Bank of America Enstitüsü ekonomistleri yakın zamanda yaptıkları bir analizde, işsizlik yardımlarını işten çıkarılan işçilerin hesaplarına doğrudan yatıran 30 eyalette, yılda 125 bin dolar veya daha fazla kazanan hanelerdeki yardım alanların sayısının Nisan ayında bir önceki yıla göre yüzde 40 arttığını tespit etti. Bu artış, 50 bin dolardan az kazanan hanelerdeki artışın beş katından fazla. Ayrıca, 30 eyaletten oluşan örneklem, işten çıkarmaların yoğunlaştığı teknoloji şirketlerinin çoğuna ev sahipliği yapan Kaliforniya'yı içermediği için işsizlik yardımı alan yüksek ücretlilerdeki artışı olduğundan az gösterebilir.
Sıkı bir işgücü piyasası ve talep gören beceriler, işini kaybeden birçok varlıklı çalışanın muhtemelen oldukça hızlı bir şekilde yeni iş bulabileceği anlamına geliyor.
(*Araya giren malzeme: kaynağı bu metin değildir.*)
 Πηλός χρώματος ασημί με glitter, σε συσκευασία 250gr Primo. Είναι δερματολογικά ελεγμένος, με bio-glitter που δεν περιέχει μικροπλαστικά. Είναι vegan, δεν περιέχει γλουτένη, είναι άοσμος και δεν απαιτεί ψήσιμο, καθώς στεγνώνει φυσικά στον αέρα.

Ancak belki de aynı ücret seviyesinde değil. Bu arada, daha düşük ücretli işçi çalıştıran sektörlerden gelen işgücü talebi yüksek kalmaya devam ediyor ve bu da ücret artışlarını desteklemeye yardımcı oluyor. Ekonomistler David Autor, Arindrajit Dube ve Annie McGrew, düşük ücretli çalışanların daha yüksek ücretli işlere geçebilmelerinin, pandemi öncesindeki kırk yılda en üst ve en alttakiler arasında oluşan ücret eşitsizliğinin dörtte birini çözdüğünü tahmin ediyor.
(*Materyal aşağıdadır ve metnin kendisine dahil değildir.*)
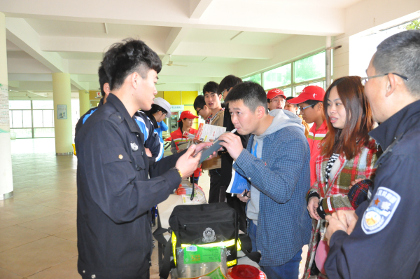 在宣传酒驾危害时,民警利用啤酒、藿香正气水以及含有酒精成分的蛋糕物品,让我校师生现场演示。我校师生在饮食含有酒精的物品后,民警通过酒精测量仪对其进行现场酒精浓度测量,测量仪立即显示酒精含量。
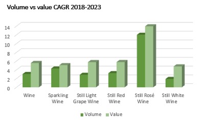 În ceea ce privește noile ocazii de consum care se conturează, vinul crește din ce în ce mai mult în preferințele consumatorilor, nu doar în retail, ci și în restaurante și baruri. Eforturile industriei de educare a consumatorilor sunt vizibile în preferințele din ce în ce mai sofisticate ale acestora. Doi indicatori importanți în acest sens sunt preferința în creștere pentru vinul roșu și creșterea accelerață a valorii pieței. În anul 2018, volumul de vin roșu a crescut, iar vinul alb a scăzut ușor, în timp ce valoarea tuturor subcategoriilor de vin a crescut semnificativ. Luând în considerare majorarea cu aproximativ 2% a prețurilor și creșterea de 2% a volumului în 2018, o creștere a valorii categoriei de 8% este susținută în principal de preferința pentru vinuri dintr-un segment de preț superior. Acest comportament este așteptat să influențeze categoria pozitiv în perioada viitoare.

Zenginlerin para kazanmasının tek yolu ücretler değil elbette. Yüksek maaşlı çalışanlar genellikle yüklü ikramiyeler alırlar ve çoğu durumda bunları da kaybettiler. New York eyaleti, 2022 yılında New York City menkul kıymetler sektörü çalışanlarına ödenen ortalama ikramiyenin 176 bin 700 dolar olduğunu açıkladı. Bir yıl öncesine göre yüzde 26 düşüş gösterdi ve enflasyona göre ayarlandıktan sonra, pandemi öncesi seviyelerin altında kaldı.
Harcamaları kıstılar
Zenginler üzerindeki kısıtlamalar davranış değişikliklerine yol açıyor gibi görünüyor. Bank of America Enstitüsü, Nisan ayında yüksek gelirli hanelerin kredi ve banka kartlarıyla yaptığı harcamaların geçen yılın altında kaldığını, diğer hanelerin harcamalarının ise arttığını tespit etti. Bu durum, yüksek gelirli müşteriler arasında pazar payı kazandığını söyleyen Walmart'ın raporlarıyla tutarlılık gösterirken, istekli müşteriler olarak adlandırılan müşterilerin lüks mallara yönelik harcamalarının yavaşladığını ortaya koydu. Tam anlamıyla bir resesyon gelebilir de gelmeyebilir de. Ancak zenginlik durgunluğu bu süre zarfında genel ekonomi üzerinde bir baskı oluşturabilir.